Desde la ventana de la habitación se obtienen unas vistas espléndidas del patio interior del hospital Cochin. Allí conviven, junto al cerco vivo, bancos de piedra dispuestos en coreográfico sentido, dos castaños en flor y un conjunto de cipreses enconados por el arte de la jardinería. Es de noche. Una brisa persistente oxigena el ambiente sofocado por los calores del verano parisino. Edgardo cierra la ventana; está cansado, duerme poco a causa del cóctel medicamentoso. Las venas endurecidas de los brazos, la perfusión que encontrará mejor recepción en las arterias de los pies. Vuelve a la cama sin desprenderse del pie porta suero que atesora la magia. Recostado ya, con un movimiento elástico estira su brazo derecho hacia atrás; tantea el respaldar, juguetea con sus dedos hasta dar primero con la bolsa plástica llena de magia, luego con la llave de paso, que abre con pericia. Ahhh… (largo suspiro.)

El médico es un rubio treintañero aficionado al fitness. Viste mocasines negros, camisa blanca y corbata oscura; pantalón caqui, el pelo rebelde bien peinado. Del bolsillo izquierdo del delantal desabotonado asoman un estrecho bloc de hojas y un puñado de lapiceras, de distintos colores. Es de día. Edgardo todavía sacudido por el atracón de morfina de la noche anterior. El doctor avanza ahora sobre él. Toma la silla del escritorio y la coloca junto a la cama; se inclina hacia adelante, dejando el cuerpo levemente sostenido por sus antebrazos, dejando su rostro a corta distancia del paciente, dejando escapar las palabras: escúcheme bien lo que le voy a decir. Edgardo percibe que algo no está bien. El disco infectado y deformado de la espalda recibía el tratamiento adecuado, sí. Pero había algo más.

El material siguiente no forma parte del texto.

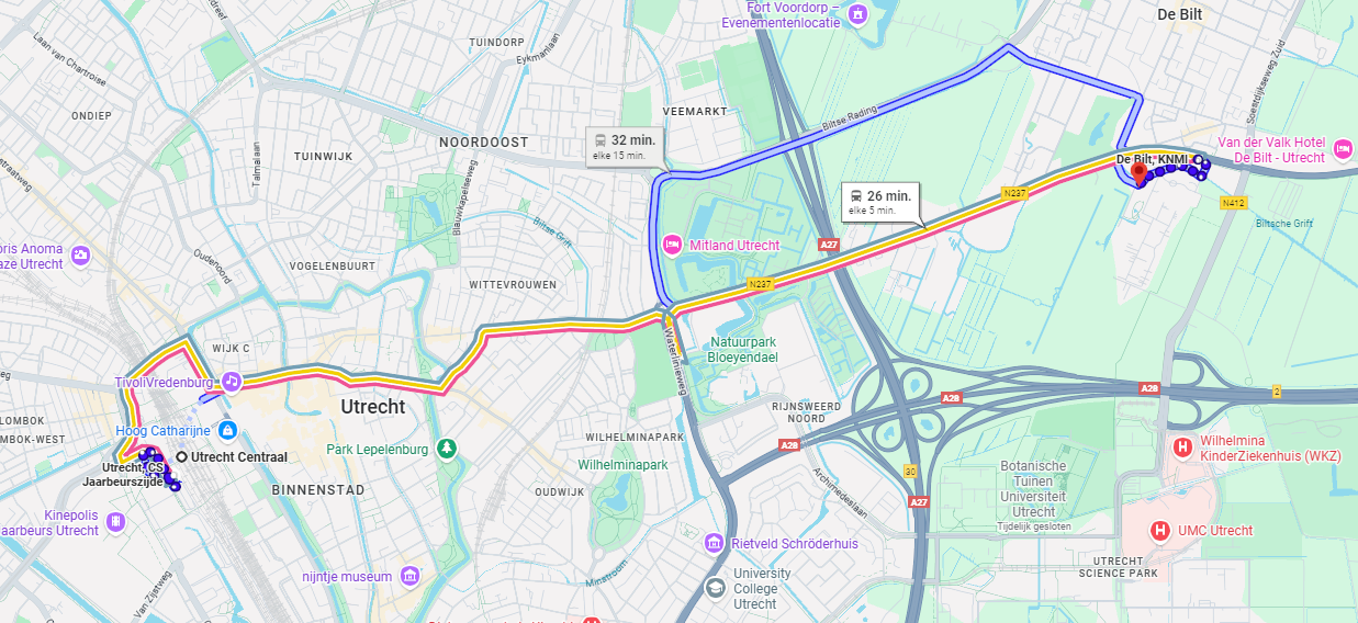 • From Utrecht Central, take a bus to KNMI (e.g. bus line 350, 73 or 74), or use a taxi or rental bike (OV-bikes require a OV-chipcard with subscription).
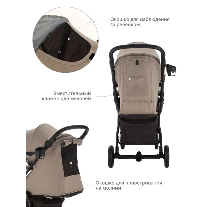 Коляска оснащена удобным окошком для наблюдения за ребенком. Имеется также окошко на молнии для проветривания в теплое время года и вместительный карман для мелочей.
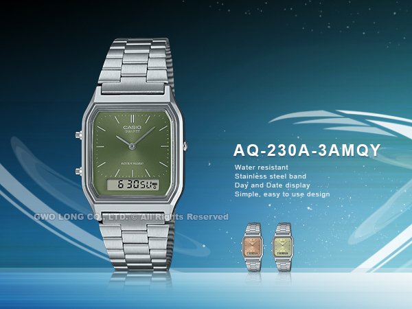 AQ-230A-3A CASIO 復古潮流 雙顯錶 墨綠 不鏽鋼錶帶 生活防水 每日鬧鈴 AQ-230A
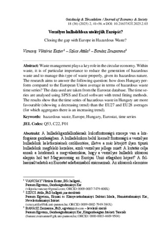 Vancsay, Viktória Eszter and Szűcs, Attila and Banász, Zsuzsanna (2025) Veszélyes hulladékban utolérjük Európát? = Closing the gap with Europe in Hazardous Waste? GAZDASÁG ÉS TÁRSADALOM, 18(36) (41). ISSN 0865-7823

Cuando a las tres semanas de internación abandonó el hospital, Edgardo se estiró hasta el instituto más avanzado en el tema; le ofrecieron varias opciones. Lo que no entraba en la discusión era la operación, eso no. Por temor al cuchillo y por la posibilidad de quedar incontinente. ¿Alternativas? Quimio, rayos o un tratamiento que recién arrancaba, muy costoso, que congela las células cancerosas. Listo: este último. “Hay cosas que me irritan de los franceses y otras que me encantan. El dominio del idioma es arma y signo de prestigio. El médico que me explicó el tratamiento elegido me anunció: ‘Su libido se va a adormecer’. Un año después preguntó cómo iba el tema... Bastante dormida le dije, pero sabe qué, se trasladó a la cabeza. A medida que apareció la dificultad de performance, me pasa algo nuevo: antes no se me ocurría mirar los shorts que pasan por la calle en verano. El médico, con sonrisita cómplice: ‘Va a tener que adoptar recursos no clásicos para enfrentar la situación’. Hace poco me dijo: ‘Conozco pocos matrimonios que se lleven tan bien como su largo concubinato con un cáncer’. Todavía sigo con ese tratamiento, por eso cada tres meses viajo, porque lo cubre la seguridad social que conservo de los años que viví en Francia”.

—¿Qué sentiste aquella mañana de 1999 cuando el médico te anunció que tenías cáncer de próstata?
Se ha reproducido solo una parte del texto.